My next challenge was getting to university. Here, again, I had to overcome prejudice. What was the point, people said, in sending a young woman like me to university? Those people just saw the wheelchair; they never looked beyond it to the contents of my mind or my heart.
It was around this time that I first thought of advocacy not just for myself, but all people with disabilities – of which there are 28 million in India.
Finally, I made it to Lady Shri Ram College at Delhi University. It was there, in that all-female space, surrounded by a supportive community of students, professors and Principal, that I realised what women can do for each other. They were like an army behind me, urging me not to be afraid of sharing my story.
Not long afterwards, I made my first tentative steps as an activist. At first, it could not have been more grassroots. I literally just went outside the gates of my college and started talking to people. Always fiercely independent, I became a bit of a local figure, wheeling myself around the streets with shopping bags hanging off each arm of my chair.
Of course, I encountered prejudice and misogyny. But I also met people who wanted to listen or share their own stories. One encounter that stayed with me was a shopkeeper who invited me to visit his shop and make it wheelchair accessible. All the alterations I suggested were completed within 5 days of my visit. This, I learned, is how activism works: by meeting people, listening to their stories and telling your own, until you find common ground.
Soon I was asked to share my story in other colleges of Delhi University, and it just snowballed from there. That’s how I came to speak at the UN – because UN representatives attended a conference for young people where I spoke. Amazingly, they wanted me to join them at the Asia Pacific Regional Office in Bangkok. A second meeting followed, this time in Nairobi. Each time, I felt an immense weight of responsibility. I didn’t sleep on the plane, because I was too busy rewriting my speech – when so few people have a platform like this, you have to get it right.
Those experiences led to the Diana Award – but perhaps more importantly they led to Oxford. I came here looking for a way to take my advocacy to the next level. I found that but also, in Somerville, I found a home.
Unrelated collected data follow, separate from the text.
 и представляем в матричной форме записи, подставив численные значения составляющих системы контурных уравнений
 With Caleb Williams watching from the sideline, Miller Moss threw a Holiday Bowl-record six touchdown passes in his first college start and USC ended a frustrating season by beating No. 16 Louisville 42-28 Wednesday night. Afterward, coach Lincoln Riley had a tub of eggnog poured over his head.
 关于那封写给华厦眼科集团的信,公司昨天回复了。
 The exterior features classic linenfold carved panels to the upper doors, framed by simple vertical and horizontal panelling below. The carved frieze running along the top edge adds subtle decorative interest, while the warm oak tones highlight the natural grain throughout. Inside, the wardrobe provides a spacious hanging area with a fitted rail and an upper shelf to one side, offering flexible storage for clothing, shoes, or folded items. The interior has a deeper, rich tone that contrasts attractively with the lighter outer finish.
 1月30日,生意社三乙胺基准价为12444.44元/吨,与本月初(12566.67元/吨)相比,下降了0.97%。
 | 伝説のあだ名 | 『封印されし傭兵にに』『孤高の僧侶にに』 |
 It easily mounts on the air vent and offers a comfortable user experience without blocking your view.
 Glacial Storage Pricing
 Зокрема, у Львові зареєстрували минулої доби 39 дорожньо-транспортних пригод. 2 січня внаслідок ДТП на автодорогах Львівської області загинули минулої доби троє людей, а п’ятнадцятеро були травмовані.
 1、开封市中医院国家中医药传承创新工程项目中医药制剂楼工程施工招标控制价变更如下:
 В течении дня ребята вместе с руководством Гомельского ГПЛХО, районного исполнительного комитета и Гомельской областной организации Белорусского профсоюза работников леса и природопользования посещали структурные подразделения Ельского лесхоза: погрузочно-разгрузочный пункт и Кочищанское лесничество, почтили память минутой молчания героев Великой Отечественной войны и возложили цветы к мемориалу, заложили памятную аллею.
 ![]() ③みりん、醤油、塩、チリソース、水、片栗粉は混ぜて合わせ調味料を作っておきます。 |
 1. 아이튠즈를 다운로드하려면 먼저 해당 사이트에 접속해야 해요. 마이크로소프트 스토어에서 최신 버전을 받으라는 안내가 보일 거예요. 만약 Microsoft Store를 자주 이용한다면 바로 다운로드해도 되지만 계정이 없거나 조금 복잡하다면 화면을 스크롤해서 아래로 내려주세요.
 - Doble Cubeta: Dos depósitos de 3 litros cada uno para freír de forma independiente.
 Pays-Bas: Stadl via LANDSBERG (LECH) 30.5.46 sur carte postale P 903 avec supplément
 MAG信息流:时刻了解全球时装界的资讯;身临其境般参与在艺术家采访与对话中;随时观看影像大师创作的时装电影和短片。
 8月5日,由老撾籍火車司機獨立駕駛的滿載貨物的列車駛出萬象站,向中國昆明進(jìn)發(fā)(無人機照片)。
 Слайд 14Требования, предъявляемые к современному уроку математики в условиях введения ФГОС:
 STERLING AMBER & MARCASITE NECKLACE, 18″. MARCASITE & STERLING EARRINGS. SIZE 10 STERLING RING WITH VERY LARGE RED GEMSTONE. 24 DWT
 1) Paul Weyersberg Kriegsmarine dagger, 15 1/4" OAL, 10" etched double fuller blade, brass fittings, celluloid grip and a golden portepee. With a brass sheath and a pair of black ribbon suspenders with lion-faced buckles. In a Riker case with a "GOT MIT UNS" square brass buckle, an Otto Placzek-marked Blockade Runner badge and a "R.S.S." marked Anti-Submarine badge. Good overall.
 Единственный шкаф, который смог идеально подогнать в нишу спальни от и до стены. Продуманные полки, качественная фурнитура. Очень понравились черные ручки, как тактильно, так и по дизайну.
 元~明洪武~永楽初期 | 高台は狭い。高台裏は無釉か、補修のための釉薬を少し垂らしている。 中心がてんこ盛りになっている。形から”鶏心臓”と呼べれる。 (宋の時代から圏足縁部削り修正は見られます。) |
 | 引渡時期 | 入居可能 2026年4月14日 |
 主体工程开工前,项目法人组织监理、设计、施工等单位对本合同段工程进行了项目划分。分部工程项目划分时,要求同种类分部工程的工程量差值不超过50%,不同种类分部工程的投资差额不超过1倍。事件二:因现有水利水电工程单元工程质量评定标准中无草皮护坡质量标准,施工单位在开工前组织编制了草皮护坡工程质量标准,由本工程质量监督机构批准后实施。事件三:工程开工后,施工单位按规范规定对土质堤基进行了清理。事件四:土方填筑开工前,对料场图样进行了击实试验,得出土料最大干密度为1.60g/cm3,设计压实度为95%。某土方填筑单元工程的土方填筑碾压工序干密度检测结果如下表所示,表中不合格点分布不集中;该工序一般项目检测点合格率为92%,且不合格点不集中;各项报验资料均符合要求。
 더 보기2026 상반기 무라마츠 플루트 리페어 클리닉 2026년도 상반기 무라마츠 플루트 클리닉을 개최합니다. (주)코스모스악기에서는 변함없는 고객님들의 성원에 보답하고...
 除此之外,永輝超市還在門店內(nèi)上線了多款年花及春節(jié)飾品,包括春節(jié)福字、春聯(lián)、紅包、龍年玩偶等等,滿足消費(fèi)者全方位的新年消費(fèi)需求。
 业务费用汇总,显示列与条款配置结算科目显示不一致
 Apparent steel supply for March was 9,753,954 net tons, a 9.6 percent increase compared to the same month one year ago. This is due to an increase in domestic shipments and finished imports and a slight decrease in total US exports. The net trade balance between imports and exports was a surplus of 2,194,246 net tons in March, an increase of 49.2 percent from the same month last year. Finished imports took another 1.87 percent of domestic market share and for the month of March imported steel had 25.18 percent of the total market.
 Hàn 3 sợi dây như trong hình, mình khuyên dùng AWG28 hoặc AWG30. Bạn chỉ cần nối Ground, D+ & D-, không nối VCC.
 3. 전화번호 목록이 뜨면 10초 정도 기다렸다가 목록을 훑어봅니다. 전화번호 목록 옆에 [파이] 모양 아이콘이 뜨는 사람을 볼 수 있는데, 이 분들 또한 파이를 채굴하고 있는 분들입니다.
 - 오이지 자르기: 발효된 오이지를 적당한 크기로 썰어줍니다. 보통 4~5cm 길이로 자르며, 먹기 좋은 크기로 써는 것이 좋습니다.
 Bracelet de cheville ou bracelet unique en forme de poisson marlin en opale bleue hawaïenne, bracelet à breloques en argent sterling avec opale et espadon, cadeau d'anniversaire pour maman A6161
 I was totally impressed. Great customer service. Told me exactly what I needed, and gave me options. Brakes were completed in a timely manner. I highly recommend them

Living in a building with fully adapted facilities was a revelation – but Somerville also welcomed me into its heart. College allowed my father to stay and help me settle in when I first arrived, and Jan even sent a message on his birthday.
As for my Master’s, I’m still coming to terms with everything I learned. Perhaps the most unexpected discovery was that my studies actually reinforced ideas about activism I’d built up over the years. I had expected Public Policy to teach me how to use the system to leverage change. In fact, it asked us to look beyond the numbers and create the right solution by empathising with the people affected. Exploring that idea revolutionised the way I think about the interconnectedness of our struggles, leaving me with an interest in intersectionality which I hope to explore in my next Oxford degree.
First, however, I need to spend some time in India, consolidating everything I’ve learned and figuring out how to share it forward – because, while I may be the first wheelchairusing Indian to attend Oxford, I don’t intend to be the last.